Ariz. Op. 82-15 at 6.
We recently applied such reasoning in Ariz. Op. 2001-10. The Committee concludes that disclosure is not mandatory where neither the Officer nor the APD is involved in the case. If the Officer and the APD are both involved in the case, the Committee concludes that disclosure is necessary. See discussion of 1.7(b) above. We find it unlikely, but still possible, that disclosure would be required in a case in which the APD is not involved. Other than the mandatory disclosure where the APD and Officer are both involved, the decision of whether to disclose should be determined on a case-by-case basis. The following factors should guide the APD (and the Public Defender's Office) in determining whether and when disclosure is warranted: 1) the number of attorneys in the office; 2) the physical setting; 3) the allocation of duties and responsibilities; 4) the likelihood of inadvertent disclosure of client confidences; 5) the seriousness of the romantic relationship; and 6) the degree of involvement by the Officer (e.g. investigating officer vs. arresting officer vs. witness). If the APD concludes that disclosure is appropriate, subject to the discussion above concerning a non-waivable conflict, continued representation of the client can occur if the client consents under ER 1.7(b), and the lawyer reasonably believes the representation will not be adversely affected.

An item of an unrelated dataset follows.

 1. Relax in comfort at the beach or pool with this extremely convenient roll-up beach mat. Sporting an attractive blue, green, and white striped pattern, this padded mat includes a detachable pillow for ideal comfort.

When an APD is romantically involved with an Officer who is regularly involved in investigating and arresting clients of the Public Defender's Office, the following rules and guidelines exist:
- Where the APD and the Officer are both involved in a case, and the Officer is expected to testify, in most, if not all, cases a non-waivable conflict will exist. Because this is a factual determination, the Committee declines to adopt a bright-line rule, but provides the following factors that should be considered in determining whether the conflict is waivable (with disclosure and consent) under ER 1.7(b): 1) the nature and duration of the romantic relationship; 2) the nature of the charges at issue; and 3) the nature of the anticipated testimony of the Officer, including the materiality of the issue to which the Officer is expected to testify, and whether the anticipated testimony is disputed.

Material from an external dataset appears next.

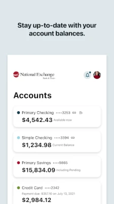Make banking easy and convenient with the National Exchange Bank Mobile app! For use with your personal banking accounts, this app is available to all online banking customers of National Exchange Bank & Trust, the NEBAT mobile app allows you to check balances and recent transactions, transfer funds and pay bills, all from your phone. Learn more at nebat.com.

- Where the APD and Officer are both involved in a case, regardless of whether the Officer is expected to testify, disclosure of the romantic relationship and consent by the client are required under ER 1.7(b).
- In all other cases, the APD and the Public Defender's Office must determine on a case-by-cases basis, whether: 1) the romantic relationship places a material limitation on the representation of the client and therefore creates a conflict under ER 1.7(b) for the APD; 2) procedures should be put in place to prevent the inadvertent disclosure of confidential client information to the Officer in violation of ER 1.6; and 3) the client should be informed of the romantic relationship pursuant to ER 1.7 and offered the option of either: a) consenting to the continued representation; or b) requesting the appointment of another public defender. There are no bright-line rules for answering each of these levels of inquiry, but provided in this Opinion are guidelines to help the APD and the Public Defender's Office in answering each question on a case-by-case basis.
While "walling off" attorneys cannot cure an actual conflict and is not an acceptable alternative to informed consent for conflicts, see Towne Dev. of Chandler, Inc. v. Superior Court, 173 Ariz. 364, 842 P.2d 1377 (Ct. App. 1993), it may be an acceptable approach in attempting to prevent inadvertent disclosure of privileged information.